Lila: As to whether you want to marry her!
Jay: Yeah, it’s like, literally: height, weight, looks, education, and there’s one other, and she’s like—
Eri: To be clear, I did send you my bio-data.
Jay: She did! She totally— she made a bio-data and then sent it to me.
Lila: No. Way.
Jay: Which was really cute.
Eri: (matter-of-fact) Yeah! I used to live in India; I used to date other Indians, I knew how to do this! […]

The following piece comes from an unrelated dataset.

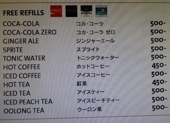 ドリンクはFree Refills(お代わり自由)メニューにしました。

Jay: Yeah, so then they would create mine, and, when I was like 23, had just finished college, I was ready! I was like, “Mom and Dad, like, I’m ready! Find me my woman! Like, I gotta be married by the time I’m 25, so I can, you know— ”
Eri: Have sex!
Lila: So I can have sex!
Jay: Have my debut! […] And I met this woman, and she was great, and then ultimately I realized, it was like, everything about this was great on paper and she was like this trophy wife — she was beautiful and all this stuff but like, she was just completely in awe of me and everything that I had accomplished, and wasn’t like, excited to do it herself. And so, what I found was generationally, there was a big gap in men and women, so like, as a male, I had traveled the world, I was given freedom to do really what I wanted, I was, you know, I was acting, I was dancing, I was, in business, I was going adventuring— I was doing all these things, but the women, of my age, didn’t have the same freedoms to go explore the way I did. So, I would meet all of these women that my family would pick out as perfect, and they would just be like, completely like, “Oh my God, you’re amazing,” and I’m like: I don’t want a fan. I want a partner. I want— that’s why, when I met Eri, and she had been to more countries than I’d been to, […] it was so meaningful for me because I’m like, You’re a woman who’s done your own— ‘cause I’m like a Renaissance man. I do everything, you know like I wanna— I’ve written books, I’ve started a dance company, I’ve you know, played guitar, I’ve done all these things, I just wanna do everything! I want to experience life! And to have a partner who’s just like, (breathy, admiring voice) “I would one day like to do that with you,” is like, not exciting to me. And so, I mean, that was kind of my main thing was like: if I feel love, I would get married, but like, literally the women you’re showing me, have not had the freedoms that I’ve had, and it’s not a match! So it was just hard, like they were wonderful women, but I was just like, “Look, my life is amazing right now,” I told my parents— this is how, how I got away with it. I was like, “My life is amazing right now. If I meet a partner who’s gonna make that better, I will marry them, but if they’re not, and they’re gonna take away some of my freedom, then I’m probably not gonna get married.”
Hello my dear patrons!
What a delight it is to bring you an exclusive episode.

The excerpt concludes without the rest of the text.